**DATA SEGMENT**:
★ ★ ★ ★ ★ ★ ★
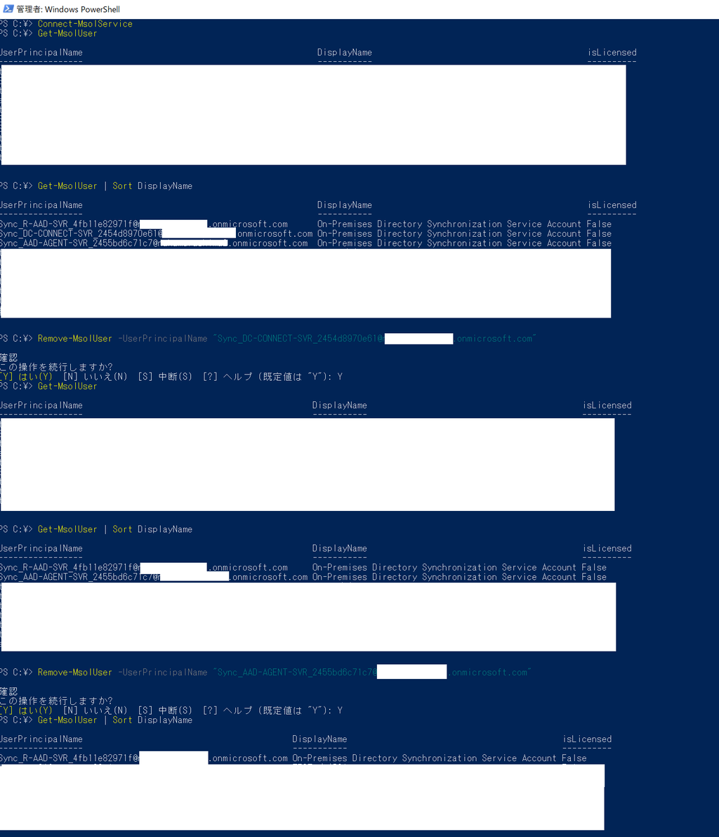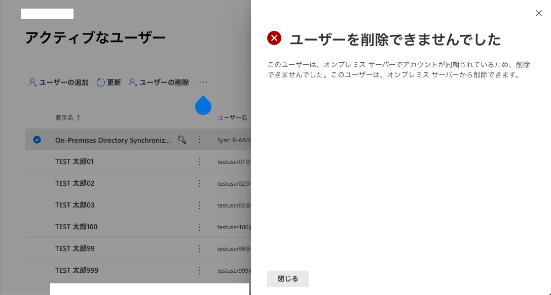 こんな感じでもう使用しなくなったAzure AD連携用のユーザーは削除可能です。
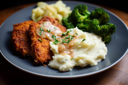 Spicy chilli chicken fillets served with mashed potatoes and salad of tomatoes, cucumbers and onions, tasty food
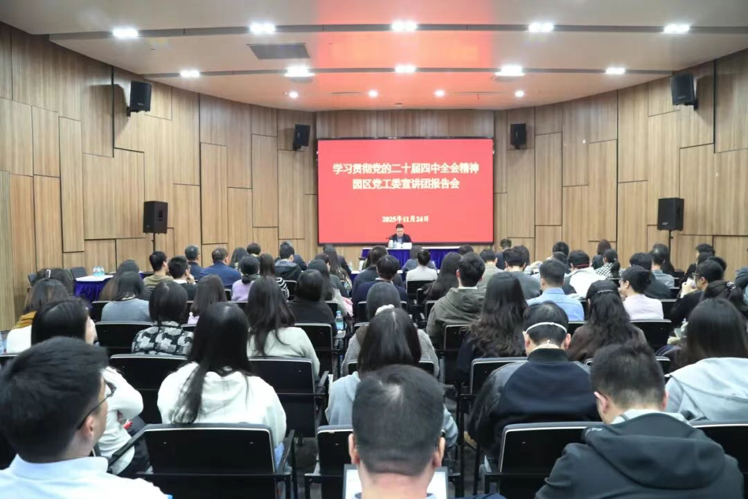 宣講會上,潘瑜圍繞習近平總書記在黨的二十屆四中全會上的重要講話和全會《建議》,從深刻認識黨的二十屆四中全會的重大意義和深遠影響,準確把握“十五五”時期在基本實現社會主義現代化進程中的重要地位,并結合園區(qū)科技創(chuàng)新工作實際,對全會精神作了全面宣講和系統(tǒng)闡釋。
★ ★ ★ ★ ★ ★ ★
Return all the material exactly, skipping pictures.

**ANSWER TO THIS PROBLEM**:
 こんな感じでもう使用しなくなったAzure AD連携用のユーザーは削除可能です。
 Spicy chilli chicken fillets served with mashed potatoes and salad of tomatoes, cucumbers and onions, tasty food
 宣講會上,潘瑜圍繞習近平總書記在黨的二十屆四中全會上的重要講話和全會《建議》,從深刻認識黨的二十屆四中全會的重大意義和深遠影響,準確把握“十五五”時期在基本實現社會主義現代化進程中的重要地位,并結合園區(qū)科技創(chuàng)新工作實際,對全會精神作了全面宣講和系統(tǒng)闡釋。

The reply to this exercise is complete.